**Activity**
It is required that the lines from the top of the listing through the line with "Before starting the" be reproduced exactly, excluding pictures.

**Data provided**
Content starts

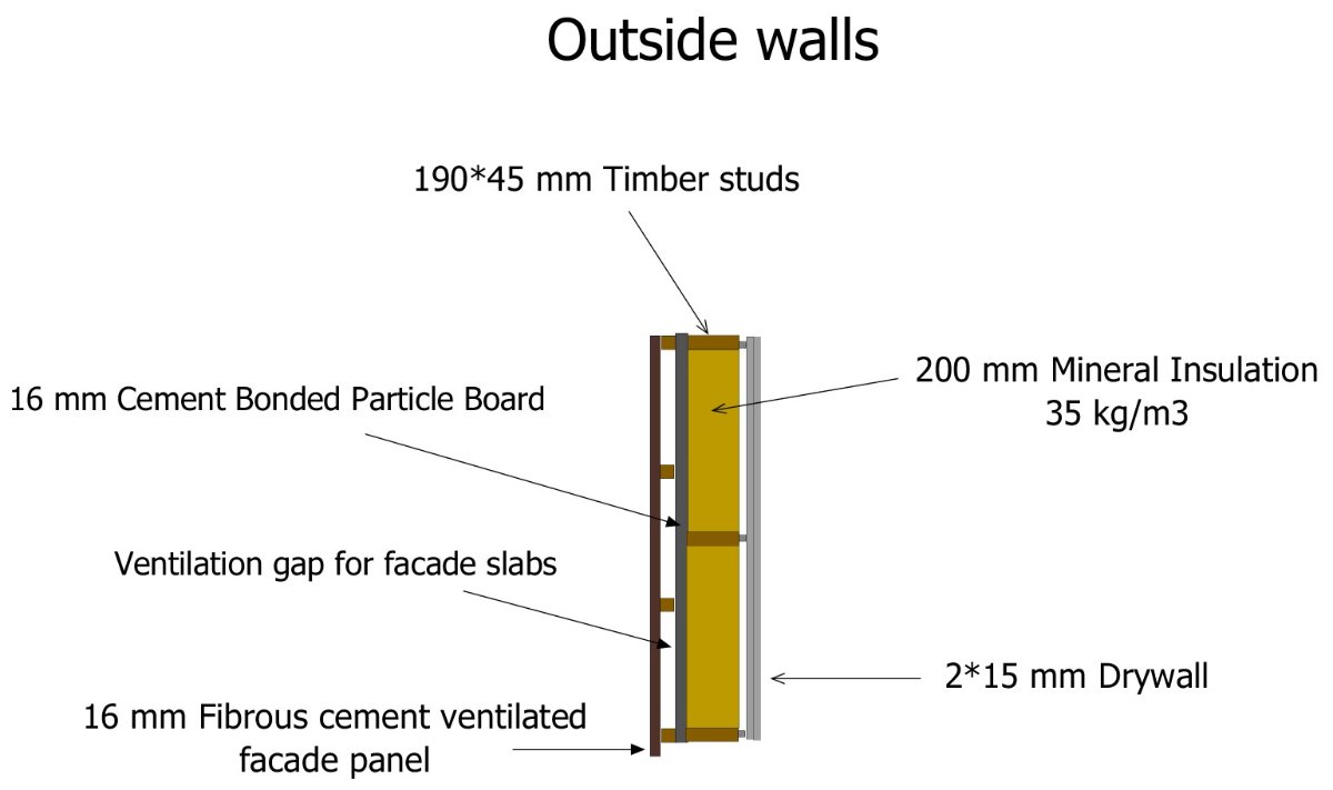 I consulted with the builder and came to the conclusion that we have the opportunity to make a rigid lining under the ventilated facade. I have several options for how to make it. These are OSB-3, Gyprok GTS-9, Isoplaat fibreboards or Cement Bonded Particle Board (https://www.eltomation.com/eng/our-prod ... bpb-plant/ - нere you can see their parameters). For now, I'm leaning towards the latter option, since these boards are very heavy, twice as heavy as drywall. And one such 16 mm plate has the weight of two 15 mm drywall sheets. It seems to me that this is a good option, since we will have approximately the same mass on both sides of the frame (I do not take into account the weight of fiber cement facade slabs here, because they are with a ventilation gap). But with these plates there is one small problem, during installation it is necessary to make expansion joints between the plates, at least 4 mm. Will there be enough sealant to seal these joints, will it be possible to obtain an airtight surface in this way? I also see that when installing OSB-3 boards, it is also necessary to make expansion joints between the boards. They do not need to be done when using Gyproc GTS-9, but this facade drywall is only 9 mm thick and it will not be easy to use it to gain a mass similar to the inner layer of drywall (it is also very difficult to buy it). What do you think about this? Would a ventilated façade be a problem now (although it looks a lot like a 3-leaf system :cry: )?
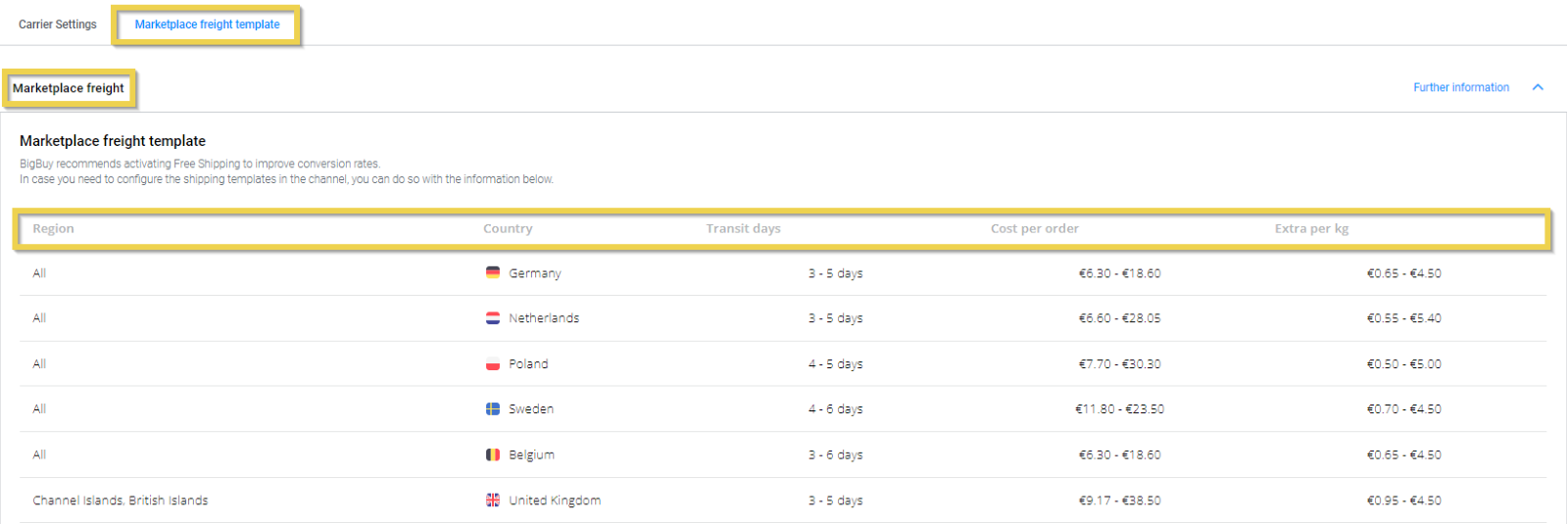 Before starting the shipping cost configuration on Amazon, it is important to understand the associated costs. In the Carriers section then Marketplace Freight Template > Marketplace freight, we provide a table that includes approximate shipping price ranges:
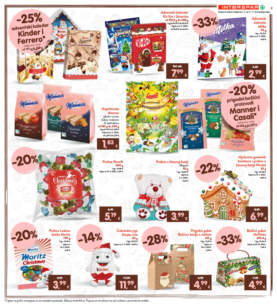 7 , 99   €  već od:  -20% prigodni božićni proizvodi manner i casali* odabrane vrste  od 150 g do 310 g  -25% adventski kaledar kinder i ferrero* odabrane vrste  od 181 g do 259 g  -14 % -28 % -33 % -33 % -20 % -20 % -22 % 11 , 99   €  13,99  4 , 99   €  6,99  4 , 99   €  7,49  2   , 99   €  4,49  5 , 19   €  6,49  3 , 99   €  4,99  6 , 99   €  8,99  napolitanke manner  jabuka-cimet, kokos-makaron ili spekulatius  od 185 g do 200 g  1 kg od 9,15 € do 9,89 € cijena na 2. 5. 2025.: od 2,29 € do 2,39 € čokoladno jaje kinder mix  131 g  1 kg = 91,53 € cijena na 2. 5. 2025.: 14,99 € mješavina gumenih bombona i pralina u limenoj kutiji windel  82 g  1 kg = 87,38 € cijena na 19. 9. 2025.: 8,99 € praline ledene kocke moritz  250 g  1 kg = 15,96 € cijena na 16. 9. 2025.: 4,99 € praline rovelli  400 g  1 kg = 12,98 € cijena na 19. 9. 2025.: 6,49 € praline u limenoj kutiji  magnat  60 g  1 kg = 66,50 € cijena na 2. 5. 2025.: 0,49 € adventski kalendar milka  90 g  1 kg = 33,22 € cijena na 2. 5. 2025.: 4,49 € adventski kalendar kit kat i smarties  od 193,9 g do 208 g  1 kg od 41,21 € do 43,22 € cijena na 2. 5. 2025.: od 10,99 € do 14,19 €  3 , 99   € 1 , 83   €  prigodni paket božićna kutija s ručkom  365 g  1 kg = 13,67 € cijena na 30. 9. 2025.: 6,99 € božićni paket mcvities  349,4 g  1 kg = 21,44 € cijena na 10. 10. 2025.: 7,49 €  ponuda na stranici 9 vrijedi od 5. 11. do 11. 11. ili do prodaje zaliha.  9  *cijene na polici umanjene su za navedeni postotak. slika je simbolična. popust se ne odnosi na već snižene i promotivne artikle.
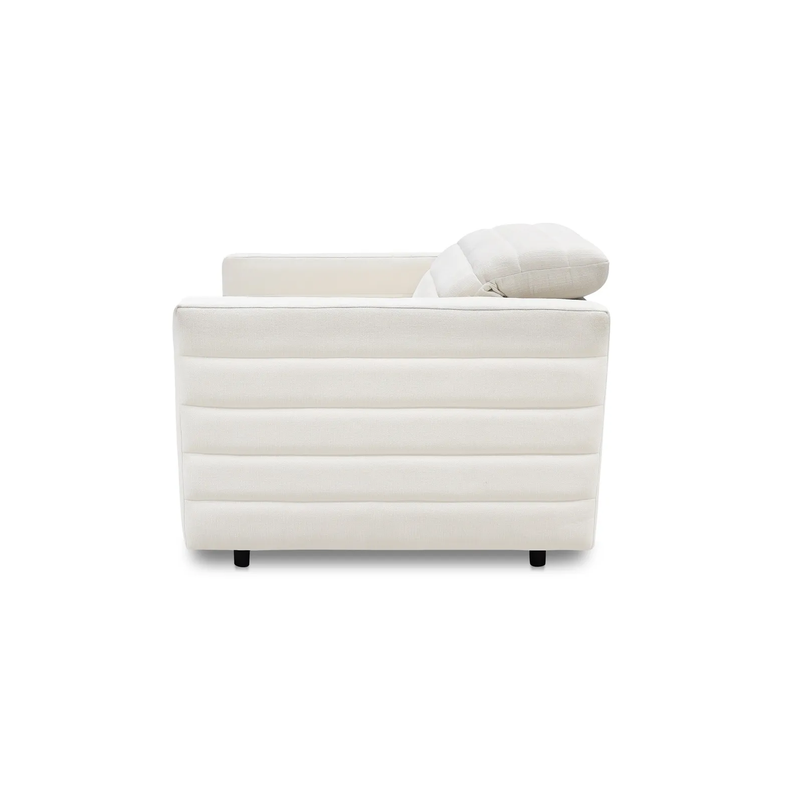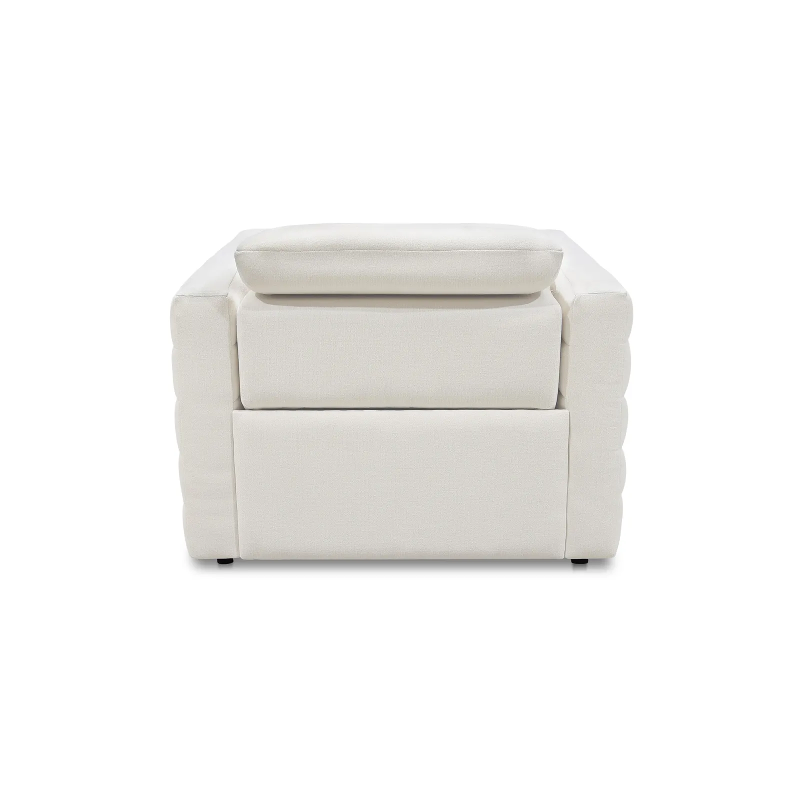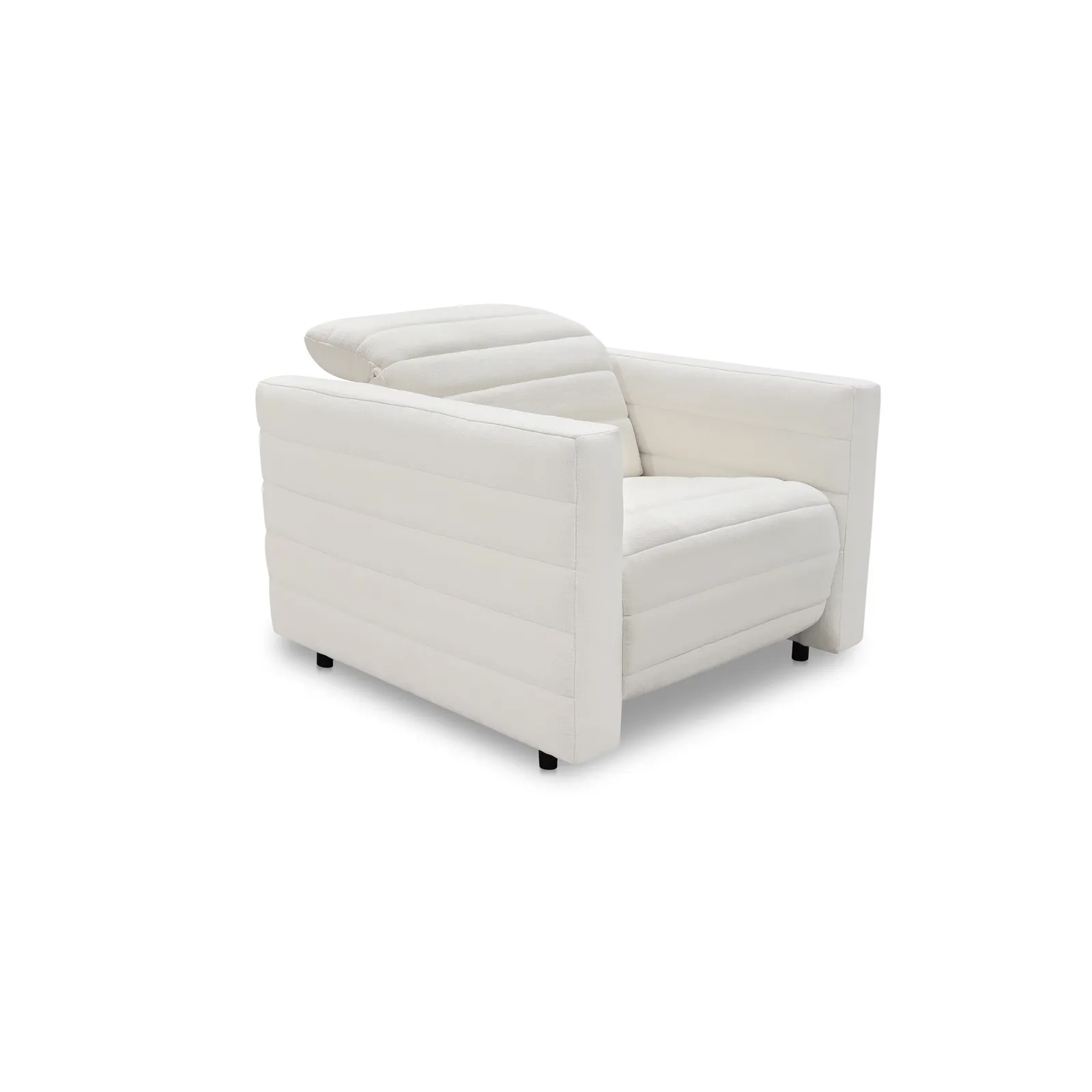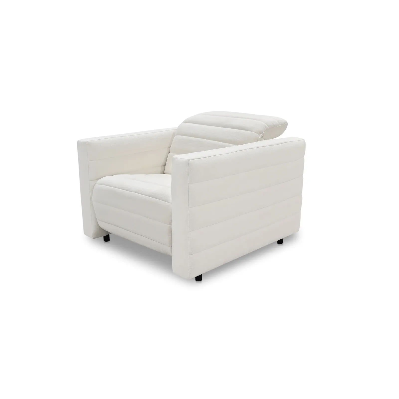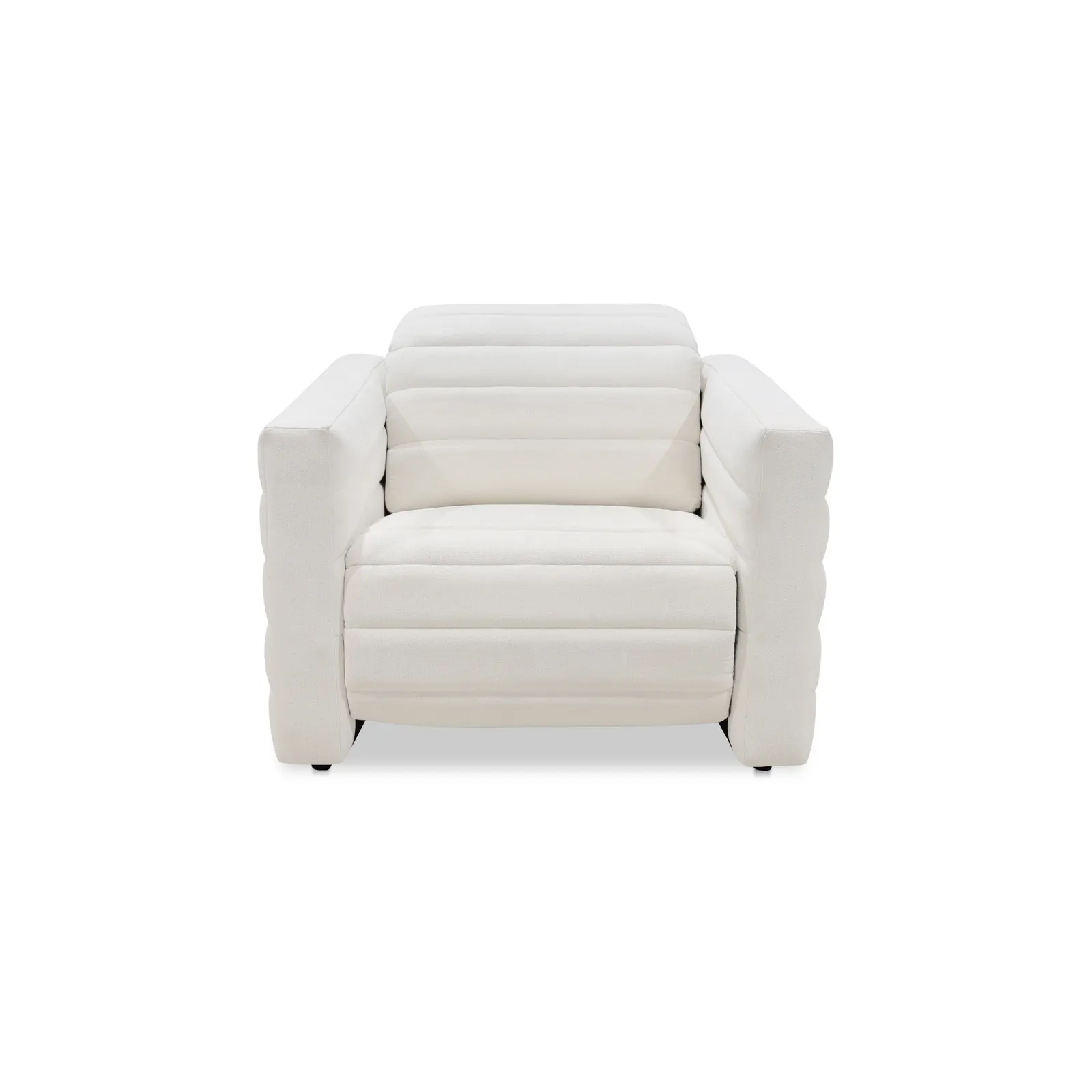 Wrapped in soft chenille, the Juno power recliner chair’s sleek silhouette and horizontal channel detailing exude modern elegance. Hidden buttons effortlessly transition between positions, while the adjustable headrest offers personalized support.

Content ends

**Exercise response**
 I consulted with the builder and came to the conclusion that we have the opportunity to make a rigid lining under the ventilated facade. I have several options for how to make it. These are OSB-3, Gyprok GTS-9, Isoplaat fibreboards or Cement Bonded Particle Board (https://www.eltomation.com/eng/our-prod ... bpb-plant/ - нere you can see their parameters). For now, I'm leaning towards the latter option, since these boards are very heavy, twice as heavy as drywall. And one such 16 mm plate has the weight of two 15 mm drywall sheets. It seems to me that this is a good option, since we will have approximately the same mass on both sides of the frame (I do not take into account the weight of fiber cement facade slabs here, because they are with a ventilation gap). But with these plates there is one small problem, during installation it is necessary to make expansion joints between the plates, at least 4 mm. Will there be enough sealant to seal these joints, will it be possible to obtain an airtight surface in this way? I also see that when installing OSB-3 boards, it is also necessary to make expansion joints between the boards. They do not need to be done when using Gyproc GTS-9, but this facade drywall is only 9 mm thick and it will not be easy to use it to gain a mass similar to the inner layer of drywall (it is also very difficult to buy it). What do you think about this? Would a ventilated façade be a problem now (although it looks a lot like a 3-leaf system :cry: )?
 Before starting the shipping cost configuration on Amazon, it is important to understand the associated costs. In the Carriers section then Marketplace Freight Template > Marketplace freight, we provide a table that includes approximate shipping price ranges:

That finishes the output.